Top of Recorded information

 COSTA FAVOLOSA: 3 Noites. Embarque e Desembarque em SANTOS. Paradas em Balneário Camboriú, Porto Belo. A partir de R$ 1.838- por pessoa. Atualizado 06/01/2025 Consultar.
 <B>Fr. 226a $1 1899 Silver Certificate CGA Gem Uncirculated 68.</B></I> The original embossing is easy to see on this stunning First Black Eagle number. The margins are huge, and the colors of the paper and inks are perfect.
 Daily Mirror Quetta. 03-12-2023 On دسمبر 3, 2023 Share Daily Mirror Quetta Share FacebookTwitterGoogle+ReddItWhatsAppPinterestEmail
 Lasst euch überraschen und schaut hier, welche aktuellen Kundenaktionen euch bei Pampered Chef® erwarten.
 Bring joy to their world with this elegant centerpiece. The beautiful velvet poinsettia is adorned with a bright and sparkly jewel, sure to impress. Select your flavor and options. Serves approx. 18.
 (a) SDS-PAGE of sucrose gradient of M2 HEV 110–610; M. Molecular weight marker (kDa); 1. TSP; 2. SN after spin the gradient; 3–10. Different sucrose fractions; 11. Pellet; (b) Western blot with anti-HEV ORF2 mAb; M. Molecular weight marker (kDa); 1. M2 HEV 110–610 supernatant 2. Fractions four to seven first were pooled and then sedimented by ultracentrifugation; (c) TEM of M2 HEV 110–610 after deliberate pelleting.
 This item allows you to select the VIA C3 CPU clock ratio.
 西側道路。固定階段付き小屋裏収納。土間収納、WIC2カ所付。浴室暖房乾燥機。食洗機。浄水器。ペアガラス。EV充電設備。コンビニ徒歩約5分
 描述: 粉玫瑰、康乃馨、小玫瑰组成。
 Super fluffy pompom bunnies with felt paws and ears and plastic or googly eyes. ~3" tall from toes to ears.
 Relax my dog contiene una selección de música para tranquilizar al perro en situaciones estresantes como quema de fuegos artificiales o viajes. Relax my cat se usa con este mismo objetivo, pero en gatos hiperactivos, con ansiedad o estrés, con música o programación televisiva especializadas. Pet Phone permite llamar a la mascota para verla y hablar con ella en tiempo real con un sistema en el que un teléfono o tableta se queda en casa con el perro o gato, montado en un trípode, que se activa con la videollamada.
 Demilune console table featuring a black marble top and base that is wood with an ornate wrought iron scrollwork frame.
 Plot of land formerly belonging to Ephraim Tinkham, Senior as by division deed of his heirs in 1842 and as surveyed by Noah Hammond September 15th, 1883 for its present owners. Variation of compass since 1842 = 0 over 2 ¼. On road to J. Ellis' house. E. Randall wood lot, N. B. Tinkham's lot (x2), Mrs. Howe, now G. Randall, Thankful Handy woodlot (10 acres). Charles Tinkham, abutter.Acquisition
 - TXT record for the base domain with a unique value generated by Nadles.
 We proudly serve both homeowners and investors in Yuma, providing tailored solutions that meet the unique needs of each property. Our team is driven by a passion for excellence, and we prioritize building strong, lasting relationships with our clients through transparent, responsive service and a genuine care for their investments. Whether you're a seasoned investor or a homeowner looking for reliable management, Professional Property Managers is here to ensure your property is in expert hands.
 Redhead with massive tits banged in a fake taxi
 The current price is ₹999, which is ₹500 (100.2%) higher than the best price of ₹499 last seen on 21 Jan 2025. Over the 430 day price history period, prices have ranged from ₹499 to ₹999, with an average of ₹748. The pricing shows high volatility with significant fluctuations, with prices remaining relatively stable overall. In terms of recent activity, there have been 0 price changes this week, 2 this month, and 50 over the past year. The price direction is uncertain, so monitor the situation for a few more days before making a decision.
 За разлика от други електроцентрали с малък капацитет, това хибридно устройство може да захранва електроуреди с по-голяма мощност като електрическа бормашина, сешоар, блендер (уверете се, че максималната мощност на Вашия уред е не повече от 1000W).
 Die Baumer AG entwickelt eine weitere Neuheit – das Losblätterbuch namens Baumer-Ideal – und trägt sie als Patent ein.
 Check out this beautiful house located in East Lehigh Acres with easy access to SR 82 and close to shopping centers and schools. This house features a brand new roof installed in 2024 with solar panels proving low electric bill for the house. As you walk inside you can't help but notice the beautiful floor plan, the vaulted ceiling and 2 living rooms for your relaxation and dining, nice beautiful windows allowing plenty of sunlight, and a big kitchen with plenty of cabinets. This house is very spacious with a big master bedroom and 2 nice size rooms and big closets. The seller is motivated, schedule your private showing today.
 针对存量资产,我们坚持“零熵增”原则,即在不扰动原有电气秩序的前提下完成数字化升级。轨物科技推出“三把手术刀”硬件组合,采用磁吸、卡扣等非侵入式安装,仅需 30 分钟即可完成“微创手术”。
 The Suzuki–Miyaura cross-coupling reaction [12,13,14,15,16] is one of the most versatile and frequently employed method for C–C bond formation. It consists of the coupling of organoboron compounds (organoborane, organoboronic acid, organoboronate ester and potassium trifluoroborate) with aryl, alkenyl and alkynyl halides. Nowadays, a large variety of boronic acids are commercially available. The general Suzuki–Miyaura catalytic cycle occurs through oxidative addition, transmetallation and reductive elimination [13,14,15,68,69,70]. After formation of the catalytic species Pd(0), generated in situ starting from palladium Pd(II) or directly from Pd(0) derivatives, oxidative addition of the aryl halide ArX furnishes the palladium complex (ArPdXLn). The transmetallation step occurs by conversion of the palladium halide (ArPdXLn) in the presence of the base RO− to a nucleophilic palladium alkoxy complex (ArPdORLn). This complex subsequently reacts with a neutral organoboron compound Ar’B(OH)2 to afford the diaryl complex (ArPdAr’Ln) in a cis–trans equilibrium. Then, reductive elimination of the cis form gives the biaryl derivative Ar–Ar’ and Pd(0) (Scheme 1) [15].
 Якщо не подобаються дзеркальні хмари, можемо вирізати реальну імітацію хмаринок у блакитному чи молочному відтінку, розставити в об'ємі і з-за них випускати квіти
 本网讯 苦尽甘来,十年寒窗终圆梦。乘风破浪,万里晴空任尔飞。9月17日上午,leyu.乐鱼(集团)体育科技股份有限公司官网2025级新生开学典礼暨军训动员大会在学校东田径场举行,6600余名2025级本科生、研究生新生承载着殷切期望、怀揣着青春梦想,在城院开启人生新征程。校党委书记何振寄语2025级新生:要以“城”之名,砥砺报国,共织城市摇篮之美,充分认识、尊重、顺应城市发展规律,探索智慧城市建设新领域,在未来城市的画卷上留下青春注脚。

Bottom of Recorded information

• Instructions for the task
All that is wanted is a faithful reproduction of the line above with "描述: 粉玫瑰、康乃馨、小玫瑰组成。", the line with "- TXT record", and every line in between.

• Answer section
 描述: 粉玫瑰、康乃馨、小玫瑰组成。
 Super fluffy pompom bunnies with felt paws and ears and plastic or googly eyes. ~3" tall from toes to ears.
 Relax my dog contiene una selección de música para tranquilizar al perro en situaciones estresantes como quema de fuegos artificiales o viajes. Relax my cat se usa con este mismo objetivo, pero en gatos hiperactivos, con ansiedad o estrés, con música o programación televisiva especializadas. Pet Phone permite llamar a la mascota para verla y hablar con ella en tiempo real con un sistema en el que un teléfono o tableta se queda en casa con el perro o gato, montado en un trípode, que se activa con la videollamada.
 Demilune console table featuring a black marble top and base that is wood with an ornate wrought iron scrollwork frame.
 Plot of land formerly belonging to Ephraim Tinkham, Senior as by division deed of his heirs in 1842 and as surveyed by Noah Hammond September 15th, 1883 for its present owners. Variation of compass since 1842 = 0 over 2 ¼. On road to J. Ellis' house. E. Randall wood lot, N. B. Tinkham's lot (x2), Mrs. Howe, now G. Randall, Thankful Handy woodlot (10 acres). Charles Tinkham, abutter.Acquisition
 - TXT record for the base domain with a unique value generated by Nadles.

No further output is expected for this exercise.